What are the future prospects linked to this area of ​​research? Could RNA technology become preponderant?

“It is likely that it can become one for diseases with a tissue deviation such as cancer and haematological diseases and it is possible that it can also become so for chronic degenerative diseases, including the large field of chronic inflammatory diseases such as intestinal and osteoarticular diseases, rheumatoid arthritis, psoriatic arthritis: all conditions that could benefit from this type of treatment, thanks also to a limited number of administrations able to keep the disease under control, avoiding in patients with clinical complexity the increasing daily need to take from 8 to 10, sometimes 14 up to up to 20 different tablets a day to keep multiple diseases under control ».

A revolution.

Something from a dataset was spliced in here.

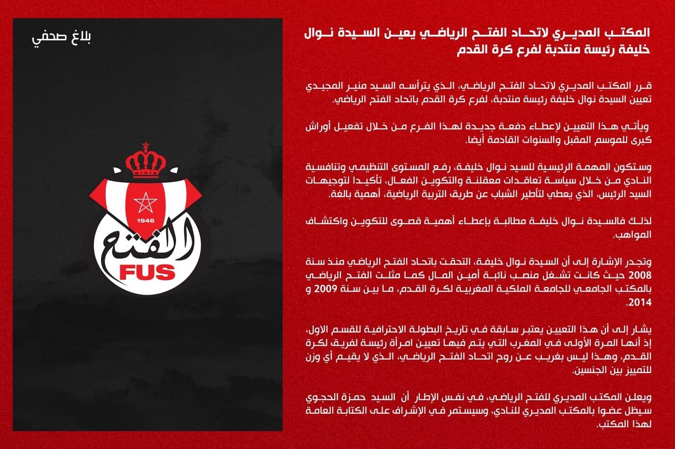 أعلن المكتب المديري لاتحاد الفتح الرياضي، بعد زوال اليوم الأربعاء، عبر بلاغ نشره على موقعه الرسمي، أنه قرر تعيين نوال خليفة، على رأس فرع كرة القدم خلفا لحمزة الحجوي، في سابقة تاريخية بالبطولة الاحترافية 1.

Over how many years?

“I’d say 5 years from now, because there are already data under development in the lipid world and others already available for some time for the most severe chronic degenerative diseases. Even in the context of hypertension, the process of pharmacological change could actually take place in the order of 5 years, also considering that this technology is able to travel very fast, especially if it will not encounter side effects, which today’s experience absolutely excludes. Once we have opened the way from this point of view, calculating that each protein is produced through the interaction between DNA and RNA, it is likely that we will have the opportunity to “turn off” some of the potentially unfavorable biochemical processes and consequently not only treat large pathologies but also related organ damage and those manifestations that are associated with the great chapters of medicine and in particular of metabolic cardiovascular medicine ».